# [postfix] Problème d'envoi sur Yahoo/Gmail/Hotmail

## BlackAngel

Bonjour à tous.

Je viens chercher un peu d'aide auprès de vous car ça fait 2 jours que je m'arrache les cheveux à cause de ces méchants spamneur, ou plutot de la lutte anti-spam dans le cas présent.

Voilà, j'ai deux serveurs Gentoo, un chez Dedibox et l'autre chez OVH/Kimsufi.

J'ai installé sur les deux un serveur de mails Postfix / Dovecot avec support des utilisateurs virtuels, multi-domaine (stocké dans une base MySQL).

Jusqu'ici tout va bien, je peux envoyer et recevoir des mails, tout fonctionne.

Mon soucis, c'est que mes mails arrivent en spam chez Yahoo, Gmail et Hotmail.
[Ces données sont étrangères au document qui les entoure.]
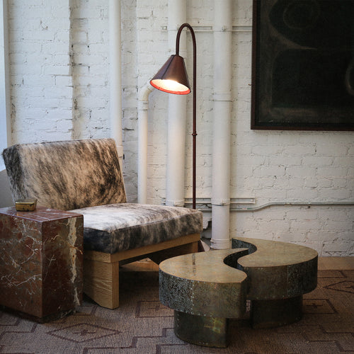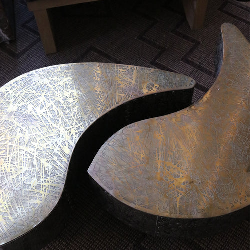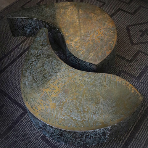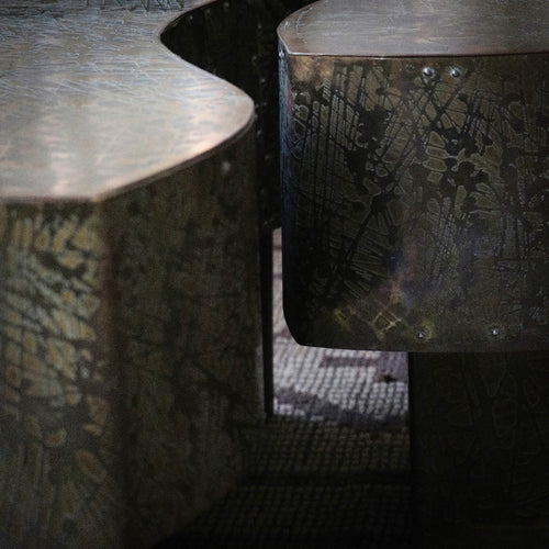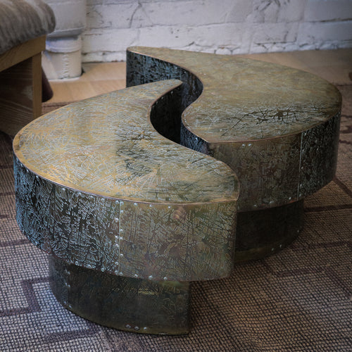 These extraordinary etched brass tables, in the manner of Paul Evans, embody the raw beauty and sculptural presence that define mid-century design at its most avant-garde. Their interlocking, biomorphic form is a testament to the era’s fascination with organic modernism, while the richly textured brass surface has a gorgeous luminous patina. A striking addition to the Lemieux Et Cie vintage collection, these tables bridge the artistry of 20th-century studio furniture with a distinctly contemporary sensibility.
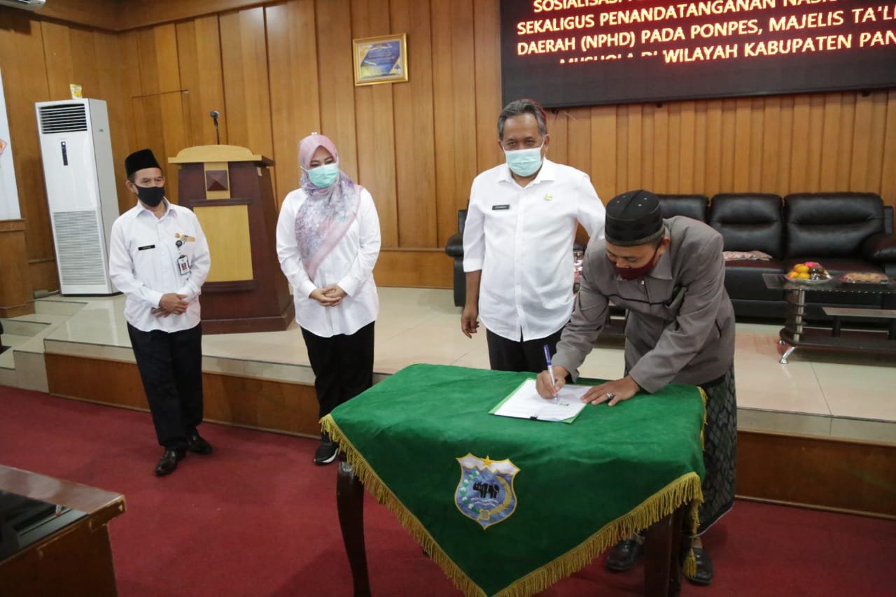 Proses pemberian hibah itu diawali dengan penandatanganan Naskah Perjanjian Hibah Daerah (NPHD) Ponpes, Majlis Taklim, Masjid dan Mushola di Aula Badan Pengelola Keuangan Daerah (BPKD), Rabu (22/7/2020).
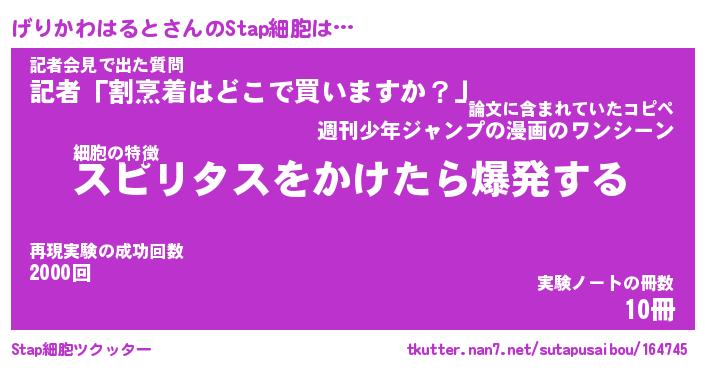 | ツイッター | げりかわはるとさんのツイッターID『namakemono_man』 |
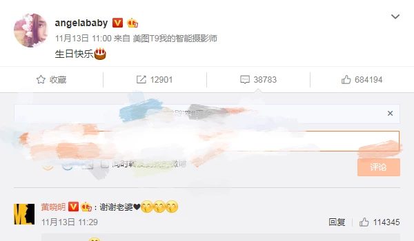 Vào 11h trưa hôm đó, Angelababy mới đăng bài chúc mừng sinh nhật Huỳnh Hiểu Minh, anh liền hồi đáp: “Cảm ơn bà xã“. Với hành động lần này xem như là câu trả lời lên tiếng thanh minh cho tin đồn hôn nhân xảy ra biến động.
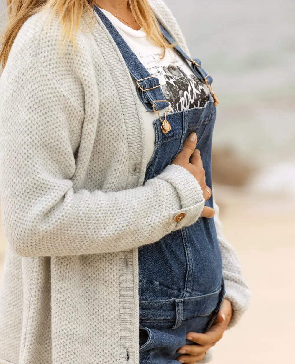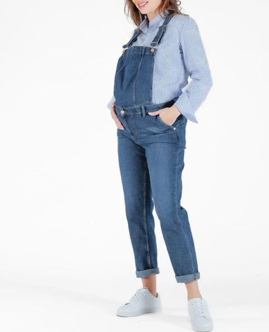 La salopette premaman in jeans Carrie Mid Blue Used combina lo stile mom fit con l'eco-responsabilità grazie al suo cotone riciclato e al sistema evolutivo Caméléon.
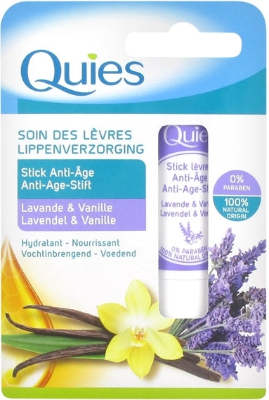 Quies Soin des Lèvres est un stick lèvres à la formule innovante enrichie en huiles végétales 100% d'origine naturelle associant : - du beurre de karité qui hydrate et nourrit intensément pour une sensation de confort immédiat, - de l'huile essentielle d'écorce de pamplemousse qui stimule la micro-circulation pour un effet tonifiant, - de la vitamine A et E, des antioxydants qui permettent de lutter contre les radicaux libres et le vieillissement prématuré des lèvres. , huile minérale, parfum, colorant, gluten, non testé sur les animaux.
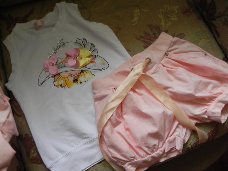 Добрый вечер! В наличии 1. Сарафан Армани в начале поста, 2. платье кола (очень здорово выглядит) на 130 размер (идёт на 122/128) -500 руб, 3. костюмчик на 122 размер (от пояса вверху покрасились штанцы) цена 250 руб,?
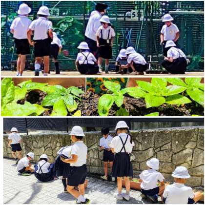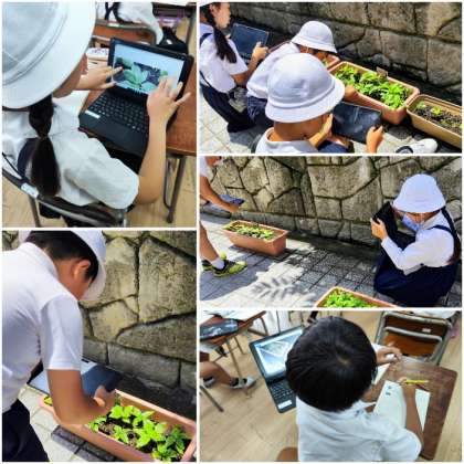 理科の学習で育てている植物の成長を観察しました。一人ひとりがタブレットで記録して、教室でまとめていきました。
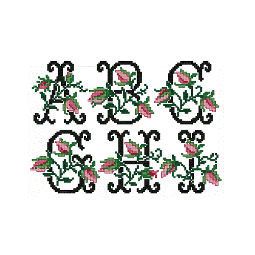 This alphabet is available in PDF format for Counted (Hand) cross stitching. Choose CHART format from drop down menu.
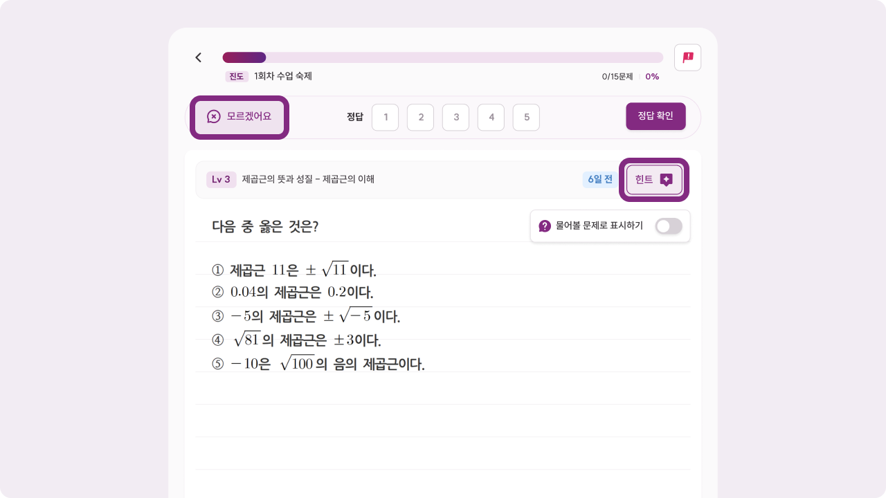 '모르겠어요'를 선택하면 이 문제는 오답으로 처리되고, 다음 문제로 바로 넘어가요.
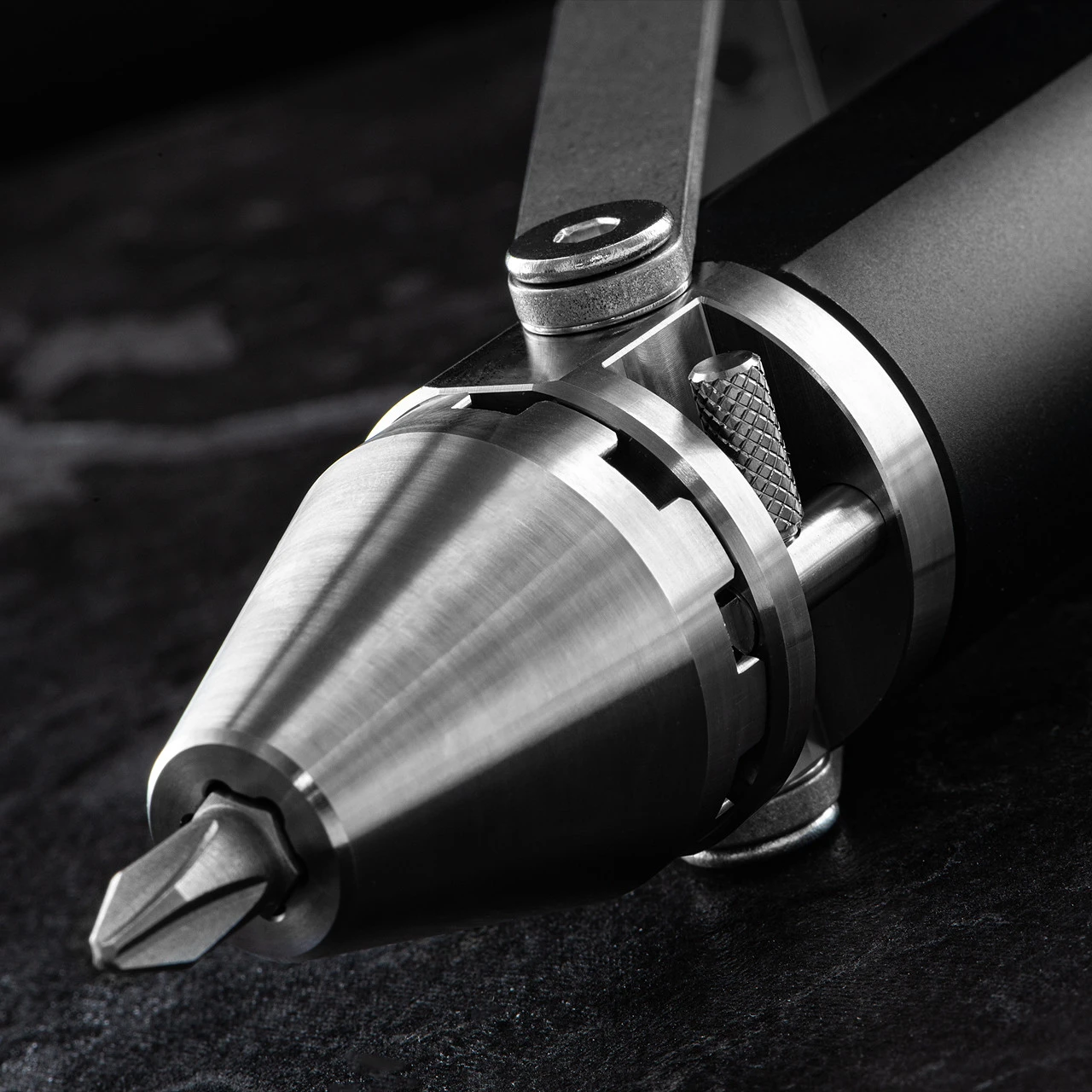 The 1949 fits standard sized bits and will accommodate eight in the storage area of the tool. The whole thing is made from Grade 5 Titanium which is incredibly strong and light in weight. The perfect combination for an EDC tool.
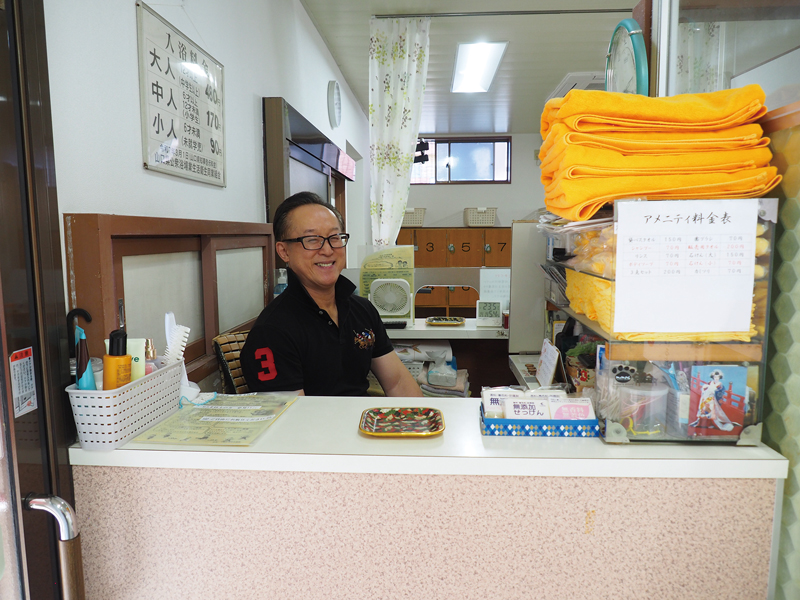 昭和28年から高原さんご家族で代々受け継ぐ、周南市で唯一の銭湯。約5年前から娘の舞さん・彩さんが4代目として番台に立ち、お客さんを温かく迎えています。
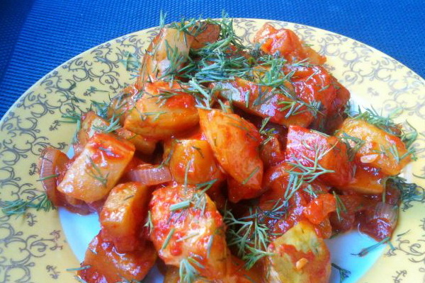 - Pommes de terre à l'étouffée avec des champignons et des carottes séchées: recette avec photo

Évidemment, avant de venir ici, j'ai creuser l'affaire.

J'ai vérifié si mes IP étaient blacklisté, elle ne le sont pas.

J'ai rajouté des enregistrements SPF pour tout les domaines, et j'ai tenté de m'inscrire sur SenderID mais microsoft me dit ne pas voir mes enregistrement SPF, alors que lorsque je fais une verif via check-auth@verifier.port25.com le SPF/SenderID est en "pass"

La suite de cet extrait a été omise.